As readers of this blog know, I prefer we bring in people who can help this economy. I worry that as the baby boomers age, with a low birth rate, and as longevity increases, we will have a smaller portion of the population working to support the whole population. Indeed, the cost to the economy of the older population will continue to increase.

Globalization will continue, and we need knowledge workers to continue to provide a competitive advantage in an international knowledge economy. Thus, I hope that the Congress will pass and the President will sign legislation that helps build that force of knowledge workers. My smart, well educated friends from Ghana would be a great asset to the economy, as would my smart, well educated friends from Latin America.
JAD

Here is a negative study on high tech immigration by the Washington Center for Immigration Studies: "Low Wages for Low Skills: New Report Corrects Misconceptions About High-Tech Visa"

Here is a more positive National Foundation for American Policy Policy Brief: "H-1B Visas, Enforcement , Outsourcing and U.S. Workers: An H-1B Primer"

Check out the Reports and Studies from U.S. Citizenship and Immigration Services.

3 comments:

Anonymous said...

I am surprised that we are not hearing much debate about how increasing professional visas to the USA causes a brain drain in other countries. I don't doubt that we need that talent in the USA. But the developing countries where these people leave from need it more. This must be a huge driver of inequalities between countries.

John Daly said...

Glenn, you are right that the brain gain in the United States is ofter the obverse of the brain drain in other countries. I don't really object to a contest among nations to attract the best and the brightest, especially if it is based on creating conditions in which those people can accomplish most.

I would point out, that there is also a phenomenon that I have termed the "virtual brain drain". Getting the B&Bs in India or Africa to work on problems of the United States via the Internet may effectively remove them from working on the problems of their own nations.

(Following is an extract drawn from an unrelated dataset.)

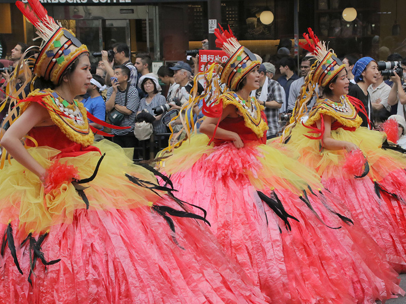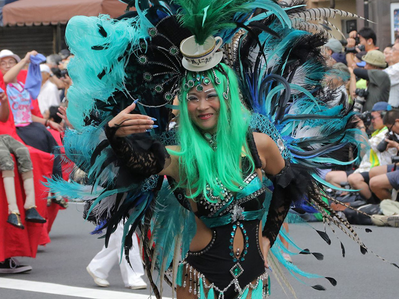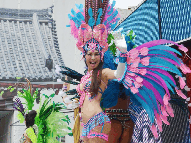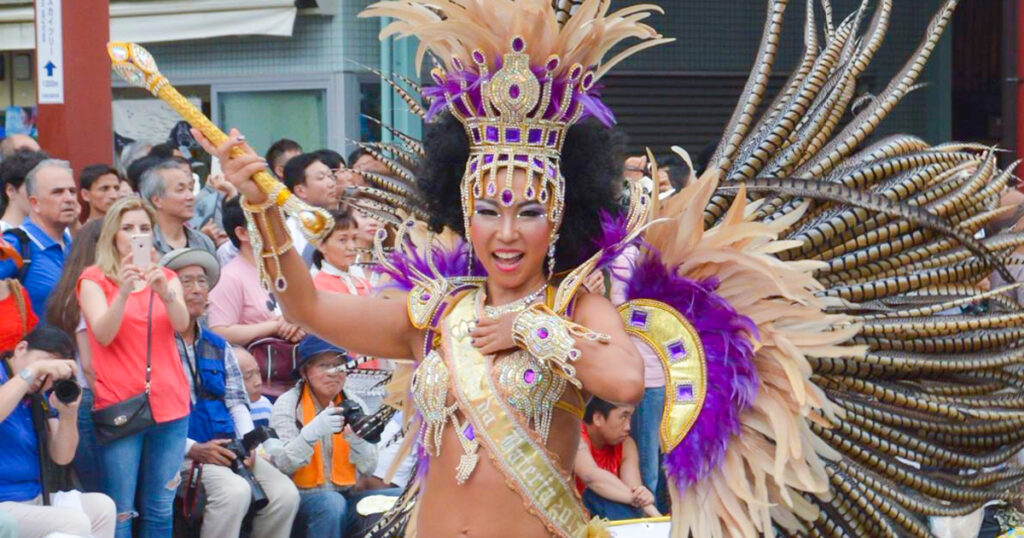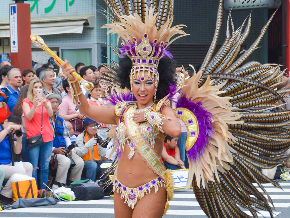 役になりきるために「日焼けサロンにがんがん通った。筋トレもめっちゃした」。パレード後、ダンサーは「一緒に写真を撮ってください」とよく観客にお願いされるそうですが、この年は「日本人はだれも来なかった。たぶんブラジル人だと思われた」そうです。
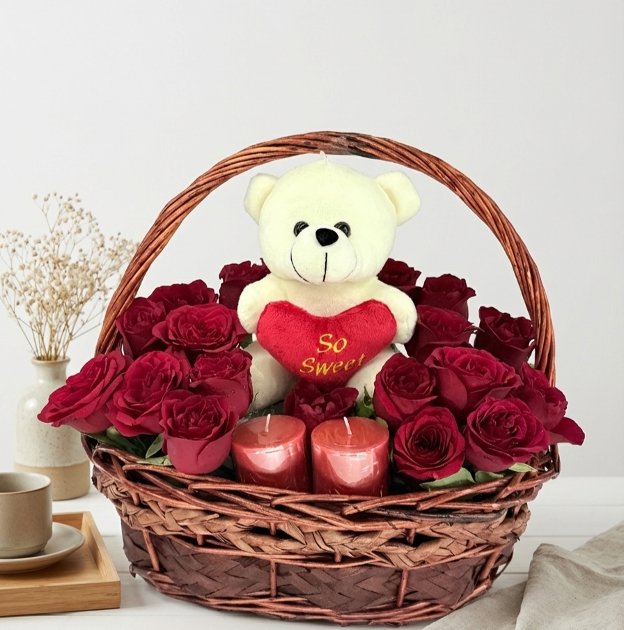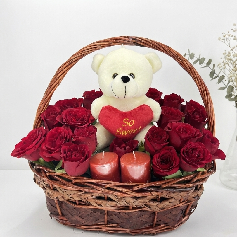 To make the moment even sweeter, we've included a cuddly 6-inch cream teddy bear holding a "So Sweet" heart, ready to deliver your warmest hugs. Complete the mood by lighting the two berry-scented pillar candles, filling the room with a warm glow and a delightful aroma. It’s not just a gift; it’s a romantic experience in a basket.

Note, for example, that we pay very good people abroad to tutor our high school kids via the Internet (I understand the going rate is $8/hour.

There is also an unfortunate tendency in many poor countries to spend scarce resources to train people and then not use them in the work for which they have been trained. There have been too many scientists working as taxi drivers and unions of unemployed doctors in the world. I think it is a positive good for the B&Bs to escape such places and go to countries where their skills and education will be used. (On the other hand, there are also too many skilled professionals in paraprofessional jobs in the United States due to restrictions on the opportunities offered, and due to the fact that we offer paraprofessionals a better life here than their own nations offer to professionals. Still, I hate to see the waste of expertise here due to the protectionism of professional organizations.)

In any case, my altruism clashes with my enlightened self interest.

Anonymous said...

How much effect will a change in U.S. policy have on the migration of knowledge workers out of developing nations? Will those who can not come to the United States stay at home, or will they move to European or Asian-Pacific nations to find better economic opportunities? If the problem is brain underutilization and brain push rather than brain pull, poor countries will not be saved from brain drain by a decrease in U.S. brain gain. Rather the United States would simply be giving up a competitive advantage in the globalizing knowledge economy to our rich country rivals. Indeed, as the United States has restricted access to our universities for foreign students, I think enrollment of foreign students in Europe, Australia, and Japan has increased.